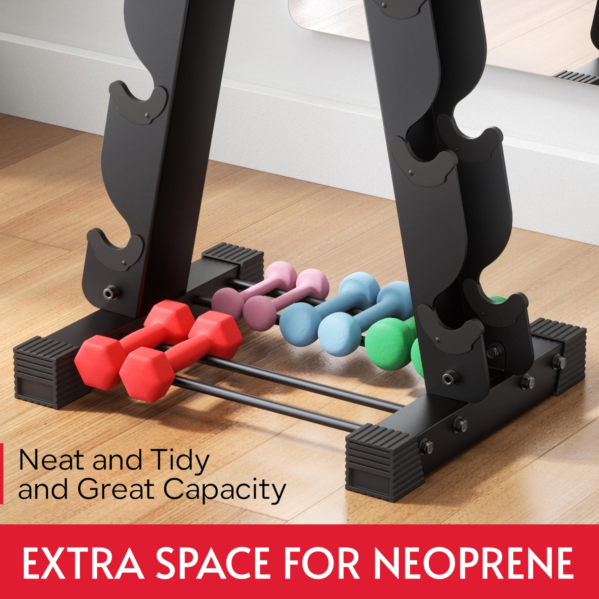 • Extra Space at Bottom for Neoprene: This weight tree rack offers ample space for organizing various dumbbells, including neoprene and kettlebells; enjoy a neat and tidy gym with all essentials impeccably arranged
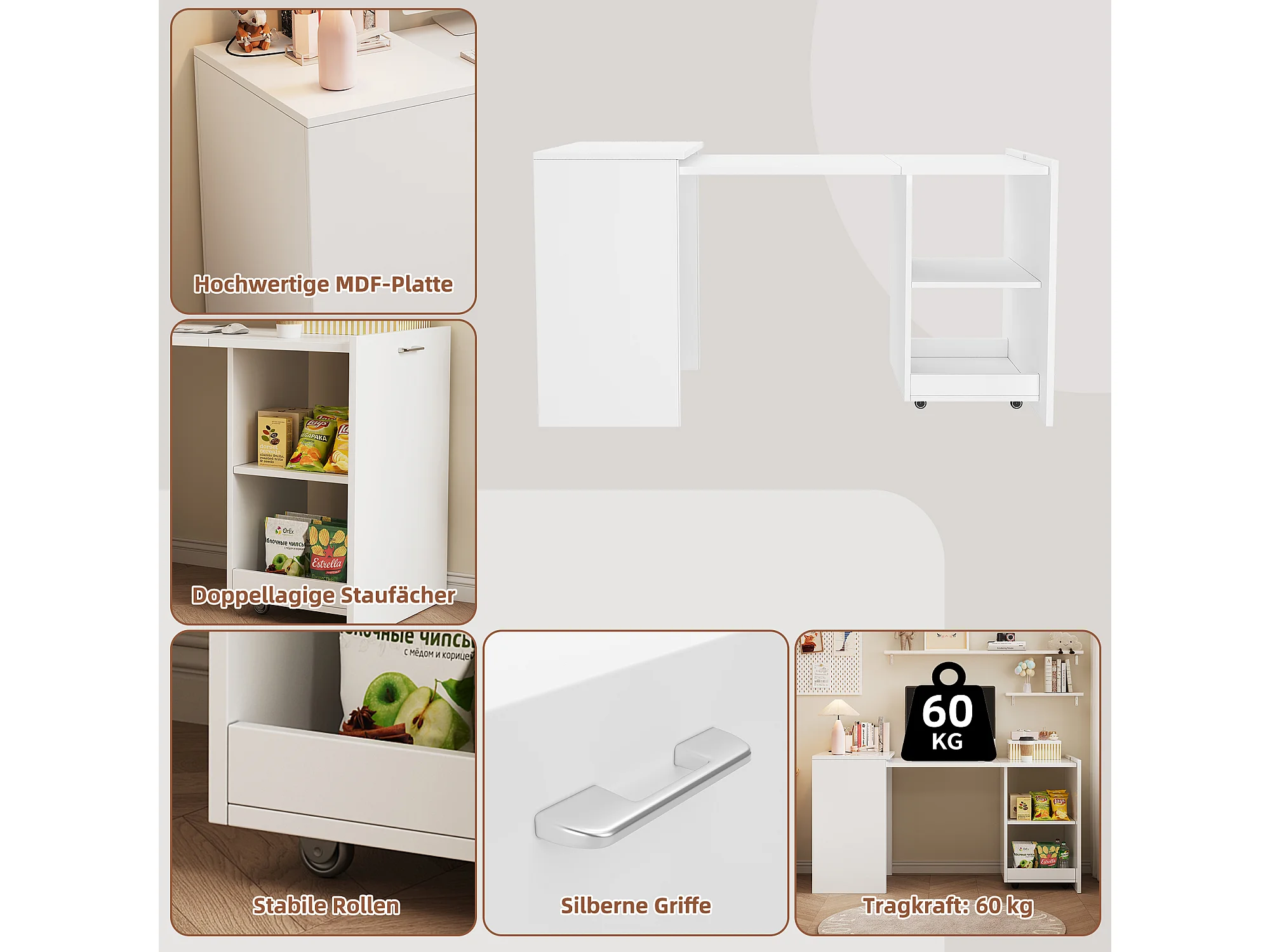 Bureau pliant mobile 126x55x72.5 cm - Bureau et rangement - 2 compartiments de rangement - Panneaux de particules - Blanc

============================================================

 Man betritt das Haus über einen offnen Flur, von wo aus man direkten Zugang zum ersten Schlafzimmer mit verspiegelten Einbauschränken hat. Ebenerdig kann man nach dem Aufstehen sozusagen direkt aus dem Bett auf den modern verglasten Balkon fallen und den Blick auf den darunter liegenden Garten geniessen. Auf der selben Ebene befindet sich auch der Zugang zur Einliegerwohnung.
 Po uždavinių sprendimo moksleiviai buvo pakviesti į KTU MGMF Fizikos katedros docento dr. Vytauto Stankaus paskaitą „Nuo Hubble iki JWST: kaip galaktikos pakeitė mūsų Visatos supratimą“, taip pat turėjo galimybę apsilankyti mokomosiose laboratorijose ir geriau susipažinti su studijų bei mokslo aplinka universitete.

============================================================

- _Problem details_: When you reach the line containing "essentials impeccably arranged" in the entries above, begin restating word for word, and stop once the line containing "Bureau pliant mobile" has been given. Omit the pictures.

- _Finished exercise_:
 • Extra Space at Bottom for Neoprene: This weight tree rack offers ample space for organizing various dumbbells, including neoprene and kettlebells; enjoy a neat and tidy gym with all essentials impeccably arranged
 Bureau pliant mobile 126x55x72.5 cm - Bureau et rangement - 2 compartiments de rangement - Panneaux de particules - Blanc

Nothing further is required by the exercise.